Thanks for response.

>
> Hi Edward,
>
> I hate this chip and suggest that you move to 13706/A05 etc. if possible.


I hate this chip too. But currently I don't want to struggle with LCD
column/row drivers, termocompensation of contrast and other voltages.
Ordered LCD modules have all necessary features except quite flickering
controller.

> Epson coninues to make the 13305 (1335) because it is so pervasive but
> there is no workaround for your pb. Synchronizing on LP is the only route
> and the best I could pump flicker free was 9 bytes/LP. The performance
> was not too bad if you can afford the interrupt overhead which in our case
> we could not (our asic is already too loaded to afford a ~24usec ISR).

LCD module cable doesn't include LP signal. If it was hobby project I'd
wired LP to interrupt capable pin, probably.

>
> If your images are static bitmaps/graphic fonts the flicker is hardly
> noticeable. If you want animation find another controller.

I don't want animations. Though some parts of display will change on button
presses, RS232 commands and timed events. I can limit these to update only
when necessary and no more often than say 0.2-0.5 s . I'd like if it would
work like static image, flickerless.
What pixel response time stands for? It's 170-255ms. What if I ignored LP
and D6 status and quickly, per ~10ms, purged as much data as needed; then
stopped display trafic for a while. Will it still flicker? If yes then I'm
lost and I need second MCU. Of course replacing D64/A64 with S12X+XGATE
would be the best, unfortunately they aren't available.

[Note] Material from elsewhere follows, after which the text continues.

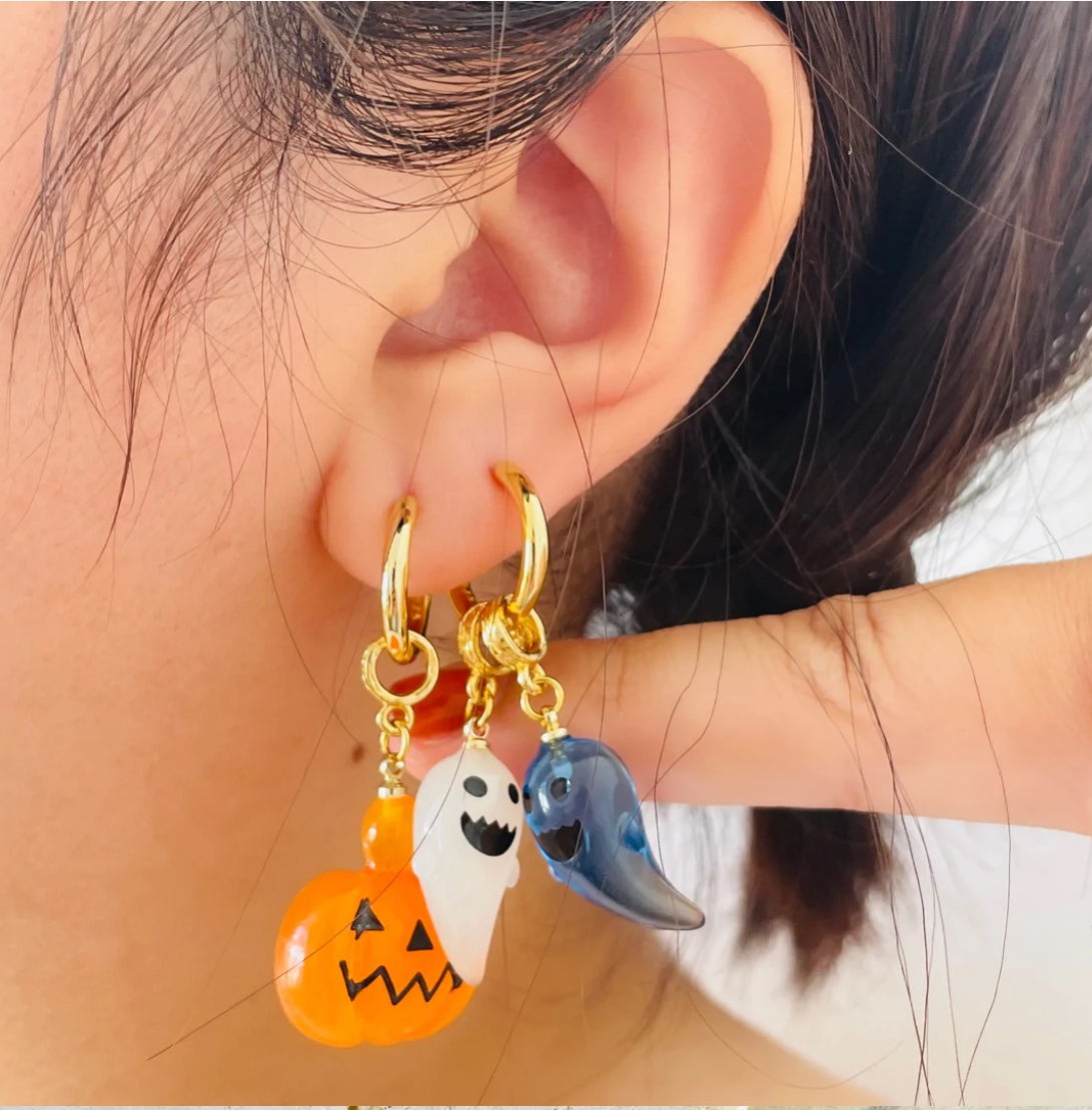 If you’re already into pumpkin spice lattes then it’s not too early to start thinking of your Halloween accessories. These earrings by Ninemoo bring the (cute) spooky with three whimsical charms.

Should I use second
MCU to talk to SED?

Best regards,
Edward >
> Rob Milne
>
>> Hi
>>
>> Sorry if not very HCS12 related subject.
>>
>> I have to interface D64 to QVGA monochrome LCD module. Module has builtin
>> SED1335 controller and 32k of display memory. It's too late to change LCD
>> module and controller. It's not to late to use S12 MCU having more RAM. I
>> ordered but haven't got LCD module yet. SED1335 documentation has some
>> bugs
>> and doesn't have answers to some very important questions. I'd like to
>> experiment and find answers myself but can't do it in next view weeks. I
>> hope someone of you have been working around SED1335 controllers ...
>>
>> Details:
>> Application mostly will display text using proportional fonts, some
>> lines,
>> and very view bitmaps. There's no requirement for animations or very fast
>> graphics, though it's GUI and display has to react to buttons, RS232,
>> other
>> events smoothly.
>>
>> 320x240 graphics. It means one graphic page has 9600 bytes.
>> SED1335-MCU bus read/write cycle ~0.5us. To update whole graphicscreen
>> it's
>> enogh to set SED memory pointer, write single MWRITE command and write
>> all
>> bytes. Fastest possible SED screen memory update would seem to be
>> 0.5us*9600=4.8ms if there weren't some very hard to avoid limitations.
>> The
>> biggest problem is that SED doesn't care about memory conflicts. SED
>> constantly reads RAM to refresh display. If MCU at the same time tries to
>> access display RAM - LCD panel will get garbage, display will flicker. I
>> have no idea how bad it will look but I'm concerned. The only good method
>> to
>> avoid SED and MCU memory &quot;conflicts&quot; is to wait until the end
>> of
>> line and
>> write/read SED memory there. At recommended screen frame rate of 70Hz
>> each
>> line will be refreshing/redrawing (1/70)/240Yus. SED reads line data
>> 36us.
>> This means i have 23us to read/write. To detect the safe period I have to
>> constantly read SED status flag. Status flag is delayed a bit and I have
>> ~19us for flickerless display RAM access. Now in theory screen update
>> time
>> is ~15ms. But what about interrupts? The rest of control software is
>> done.
>> Interrupt latency is ~15us @ 24MHz ECLK. :-). It seems I can write up to
>> 4
>> or less bytes every 59us. Flickerless refreshing of whole screen can take
>> me
>> 141ms outputing 4 bytes per line, 566ms outputing 1 byte per line.
>>
>> The funny thing is whole code seems to fit in C32 >;32k. Should I use
>> A256
>> indeed? A256 has anough 12k of RAM
>>
>>
>>
>>
>>
>>
>>
>> Yahoo! Groups Links
>>
>> To
>>
>>
>>
>>
>>
>>
>>
>>
>>
>>
>>
> >
>
> Yahoo! Groups Links >




Hi Edward,

I wish that I could offer better advice for your problem other than simply
dumping this chip, but if you have to rely on that status bit you are
going to have one very slow display. One of our POS terminals uses this
chip with no regard to the memory access window and the display quality is
acceptable (100% flicker) as long as we don't use animations with a black
background. Another terminal does synchronize on LP signal to produce
very clean imagery but suffers from slow performance.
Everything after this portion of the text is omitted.